One glaring issue is pension coverage. More than 60% of Malaysians lack access to any old-age pension scheme, and even those covered often receive inadequate payouts. 3 With an ageing population set to redefine Malaysia’s demographic landscape by 2030, the absence of a comprehensive pension system could lead to widespread economic insecurity. Reforms in social assistance programs, particularly their consolidation under a unified framework, are urgently needed to prevent financial distress among the elderly and vulnerable groups.

Fiscal Management Question

Malaysia’s fiscal health remains a major point of contention. Tax revenues, primarily driven by the Sales and Services Tax (SST), remain below 12% of GDP, which is

alarmingly low compared to regional benchmarks according to the report. This weak revenue base severely constrains the government’s ability to invest in public infrastructure, social services, and economic development.
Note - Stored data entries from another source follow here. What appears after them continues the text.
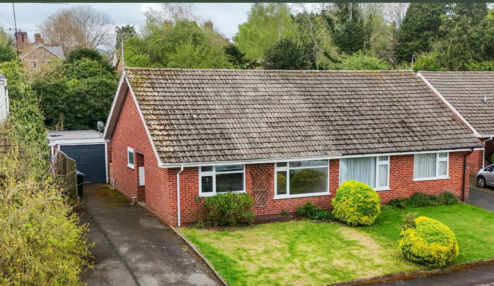
9 Kenelm Close, Clifton upon Teme, Worcestershire, WR6 6EB
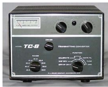
Drake TC-6 (Transmitting Converter)
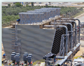
Cooling Tower Water Treatment
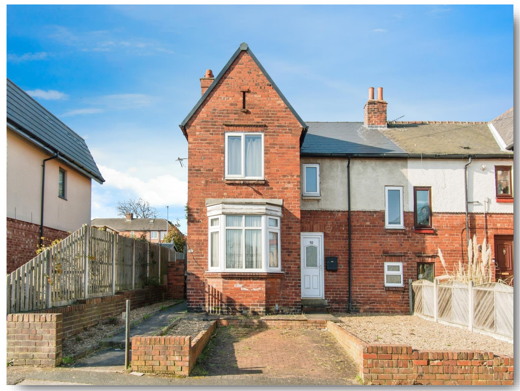
Park Dale, Castleford WF10 2QR
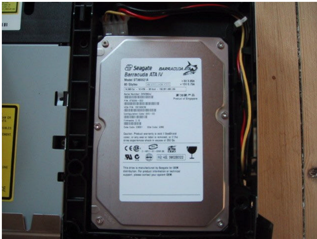
The Seagate drive is very silent, but it also gets really warm...

According to my investigations Seagate drives are the most silent ones. I decided to go with Seagate 80GB. It generates 25db. (The 40GB version only generates 21db!).

To finance its high-income ambitions, Malaysia must confront the politically sensitive but economically necessary decision of expanding its tax base. The reintroduction of the Goods and Services Tax (GST) or broadening personal income tax coverage could provide much-needed fiscal space. Without stronger revenue streams, Malaysia risks accumulating unsustainable debt, thereby jeopardizing long-term economic stability.

A Bottleneck to Progress

Economic growth alone is insufficient if the workforce lacks the skills to match industry demands. Despite an increasing number of graduates, Malaysia faces a growing mismatch between education and employment. The inability to generate sufficient high-skilled jobs threatens to derail progress towards high-income status.

Investment in research and development (R&D) is a key driver of high-tech industry growth, yet Malaysia lags behind in this area. Greater emphasis on automation, innovation, and productivity enhancements could help shift the economy towards higher-value sectors. Additionally, reducing dependency on low-cost foreign labour and reforming vocational education to align with market needs would ensure that Malaysia’s workforce remains competitive in a rapidly evolving global economy.

Moving Forward

Malaysia’s economic future will be shaped by its ability to adapt to emerging technologies. Sectors such as semiconductors, data centres, and environmental sustainability are expected to drive demand for high-skilled labour. Encouraging entrepreneurship and innovation, rather than relying solely on traditional employment pathways, could open new opportunities for economic mobility.

Shifting government spending from subsidies to pensions and well-targeted social assistance programs would enhance economic inclusivity. At the same time, a comprehensive realignment of tertiary education with labour market demands through

expanded vocational training and adult education programs could mitigate skills mismatches and foster a more dynamic workforce.

Finally, Malaysia must undertake substantial fiscal reforms and ensure better coordination of fragmented policy programs, particularly in social protection and SME support. Without these structural adjustments, the aspiration of high-income status may remain perpetually out of reach.

Conclusion

Malaysia’s pursuit of high-income status is a bold ambition, but one that requires careful navigation. Economic growth, while crucial, must be accompanied by deeper structural reforms in investment, taxation, education, and social welfare. However, Malaysia has shown time and again that it possesses the resilience, adaptability, and potential to overcome economic challenges. With strong governance, strategic policy adjustments, and a commitment to long-term economic transformation, the nation can solidify its position among high-income countries. If Malaysia takes the necessary steps today, the dream of a prosperous and equitable future is well within reach.